Condition C: Gaussian Noise¶
The noise image is a deterministic 512x512 random RGB array seeded with np.random.seed(42). Using Gaussian noise rather than a blank image prevents the model from defaulting to "ocean" for featureless inputs.
Metrics¶
For conditions A, B, and C: per-class recall and precision for HIGH, MEDIUM, and LOW, plus overall accuracy. For condition D: ratio of visual-trust (correct) versus coordinate-trust (failure).
Post-quantization evaluation (Q4_K_M GGUF)¶
The same 4-condition protocol can be run against the quantized GGUF model via llama.cpp's HTTP server (evaluate.py --quantized-model). This isolates accuracy loss from quantization.
| Condition | Fine-tuned (FP16) | Q4_K_M GGUF | Δ (quantization) |
|---|---|---|---|
| A: Vision + GPS coords | 58.3% | 55.0% | −3.3 pp |
| B: Vision only (no coords) | 65.0% | 63.3% | −1.7 pp |
| C: Blind LLM (noise+coords) | 43.3% | 28.3% | −15.0 pp |
Sensor conflict (Condition D): coordinate-trust failure improves slightly from 16.7% (FP16) to 15.0% (Q4_K_M). Quantization does not degrade GPS robustness.
Accuracy loss on operational conditions (A: −3.3 pp, B: −1.7 pp) is modest, confirming that Q4_K_M quantization retains most of the fine-tuned model's capability.

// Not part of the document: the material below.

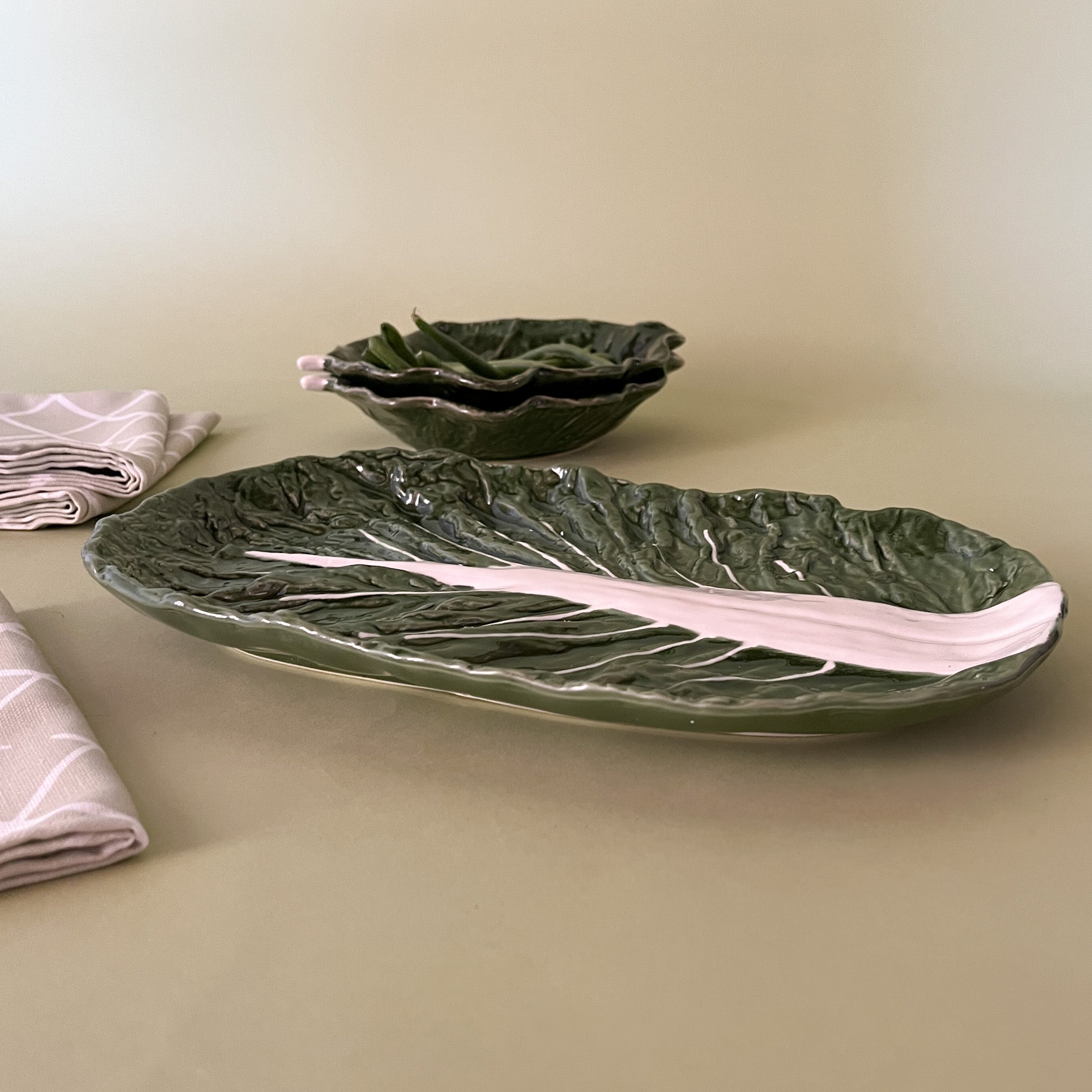 Serve your holiday fare with timeless charm using this beautifully crafted Hand-Painted Ceramic Cabbage Leaf Platter. Both functional and festive, it’s perfect for presenting everything from roasted vegetables to sweet treats with style. With its sculptural detail and classic design, it also doubles as a striking display piece when not in use—making it a standout addition to any holiday table or buffet.

The large Condition C drop (−15.0 pp) is expected and benign as it tests coordinate memorization using noise images, which never occurs in deployment. Crucially, GPS robustness (Condition D) slightly improves after quantization, meaning the deployed model is not more susceptible to spoofed telemetry.

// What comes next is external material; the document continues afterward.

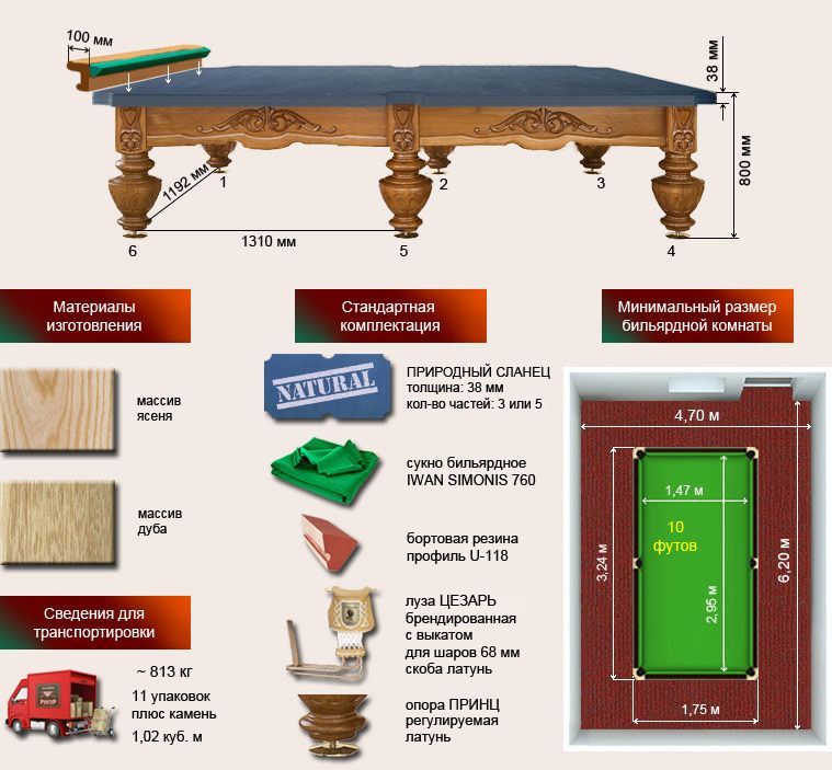 Гигант 12 футов с плитой весит тонну. Точно ли выдержит перекрытие этажа? «Десятку» реальней поставить даже в квартире. Разница всё ещё маловата. Но всё-таки выбор часто оказывается в пользу бильярда 10 футов.

Full per-class logs are in the Model Card.
For step-by-step instructions, see the guides for training, quantization, and validation/ablation studies.

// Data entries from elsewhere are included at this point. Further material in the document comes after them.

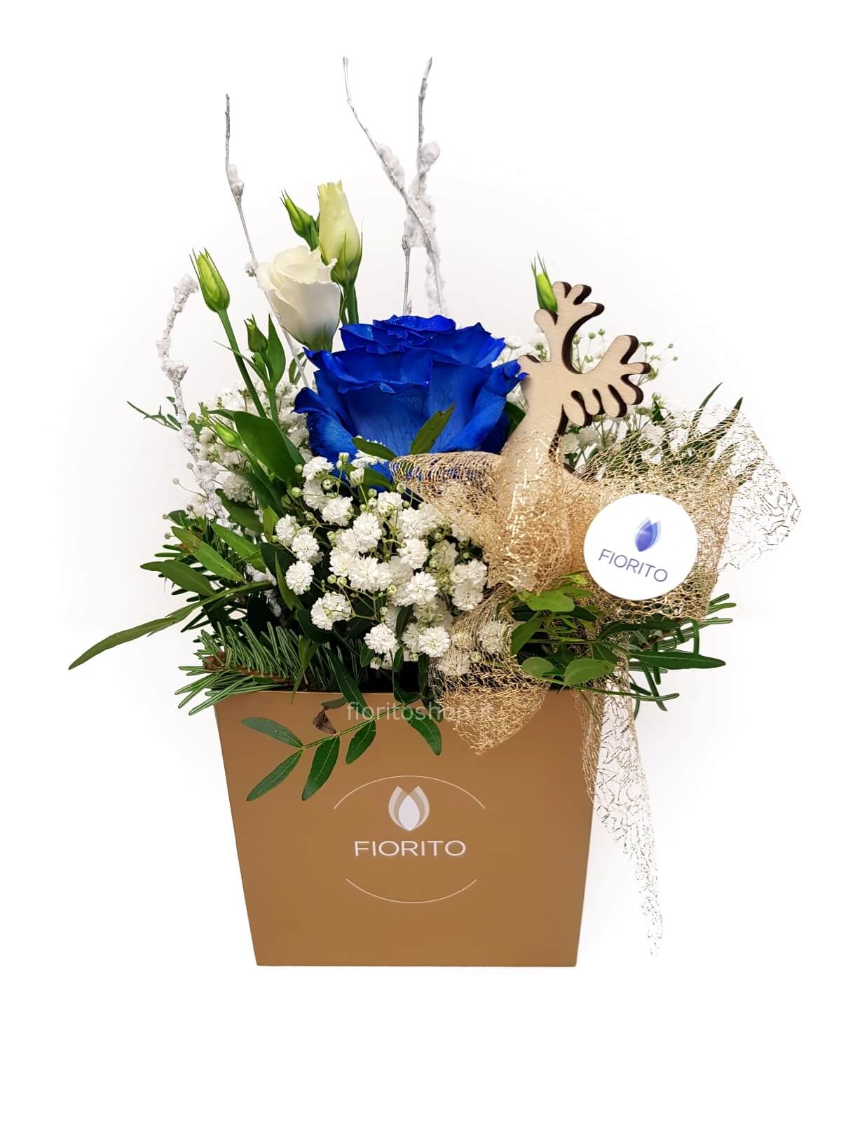 Composizione di fiori in spugna con una rosa blu all'interno di un cubotto di cartone dorato impermeabilizzato di cm 13x13x13, arricchita con fiori rossi e pick decorativa tematica. Il tutto viene poi confezionato in uno shopper coordinato nel colore del cubotto.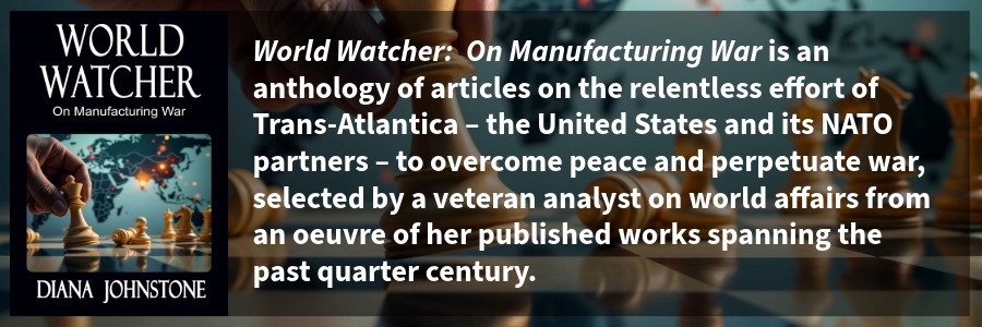 World Watcher: On Manufacturing War is an anthology of articles on the relentless effort of Trans-Atlantica – the United States and its NATO partners – to overcome peace and perpetuate war, selected by a veteran analyst on world affairs from an oeuvre of her published works spanning the past quarter century.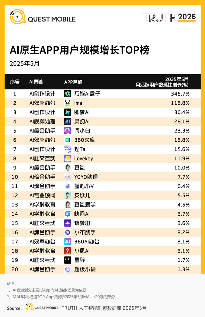 1、AI原生APP用户规模增长TOP榜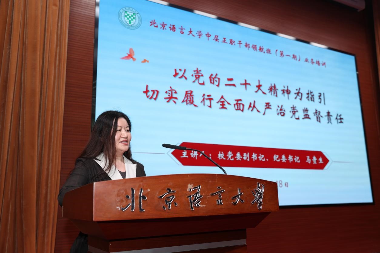 11月18日下午,北京语言大学举办中层正职干部领航班(第一期)业务培训第三讲,邀请学校党委副书记、纪委书记马贵生为领航班学员作题为“以党的二十大精神为指引 切实履行全面从严治党监督责任”的专题辅导报告。全体中层干部参加报告会。报告会由领航班党支部书记、宣传部常务副部长黄展主持。

Data and Weight Transfer Scripts¶
Two shell scripts handle moving data and weights between the local machine and the remote training server:
ground_segment/data/upload_to_server.sh: compresses the local dataset, uploads it viarsync, and clones/pulls the ORION repo on the server. Run this before training.ground_segment/training/download_weights.sh: pullsorion_lora_weights/from the server after training completes and deletes the server's repo and dataset (scorched earth).
See Utility Scripts for invocation details and Ground Segment Environment Variables for the required env vars.